-- Data excerpt follows --

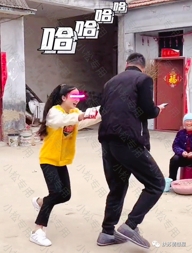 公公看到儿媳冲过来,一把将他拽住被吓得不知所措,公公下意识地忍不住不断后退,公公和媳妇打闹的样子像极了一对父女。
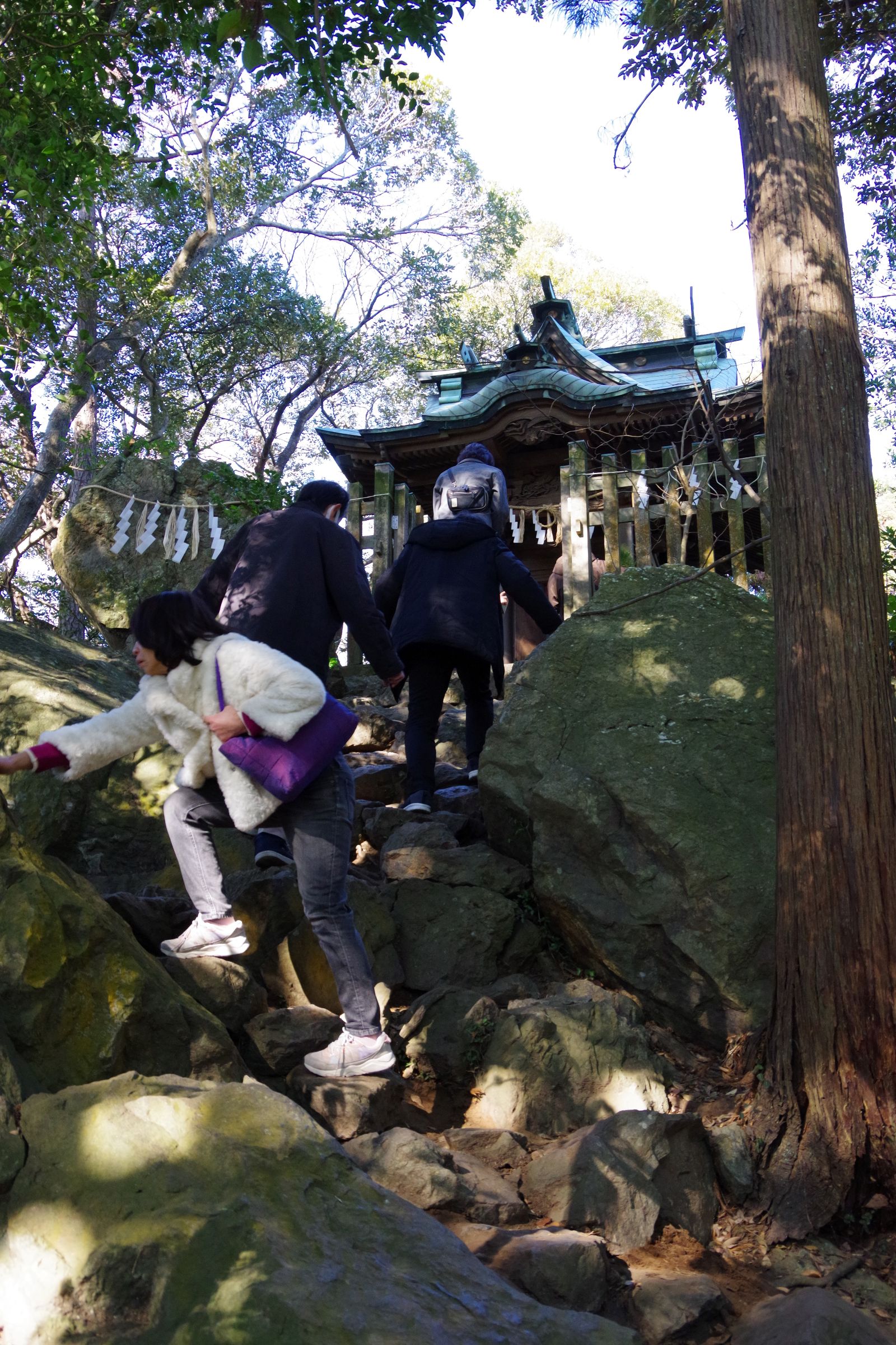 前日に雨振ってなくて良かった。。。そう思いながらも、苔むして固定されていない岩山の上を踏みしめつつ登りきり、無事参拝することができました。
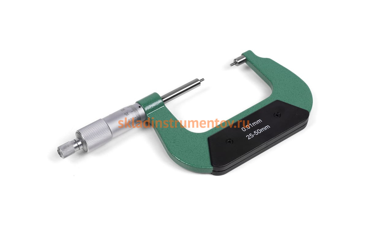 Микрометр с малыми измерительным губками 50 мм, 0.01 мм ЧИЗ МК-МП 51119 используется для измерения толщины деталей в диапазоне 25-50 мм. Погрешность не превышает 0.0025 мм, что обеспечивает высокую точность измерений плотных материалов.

-- Data excerpt concluded --

| Exercise instructions |
Retype exactly, please, the span from the line holding "前日に雨振ってなくて良かった" through the closing line of the data, both ends included, without the pictures.

| Task response |
 前日に雨振ってなくて良かった。。。そう思いながらも、苔むして固定されていない岩山の上を踏みしめつつ登りきり、無事参拝することができました。
 Микрометр с малыми измерительным губками 50 мм, 0.01 мм ЧИЗ МК-МП 51119 используется для измерения толщины деталей в диапазоне 25-50 мм. Погрешность не превышает 0.0025 мм, что обеспечивает высокую точность измерений плотных материалов.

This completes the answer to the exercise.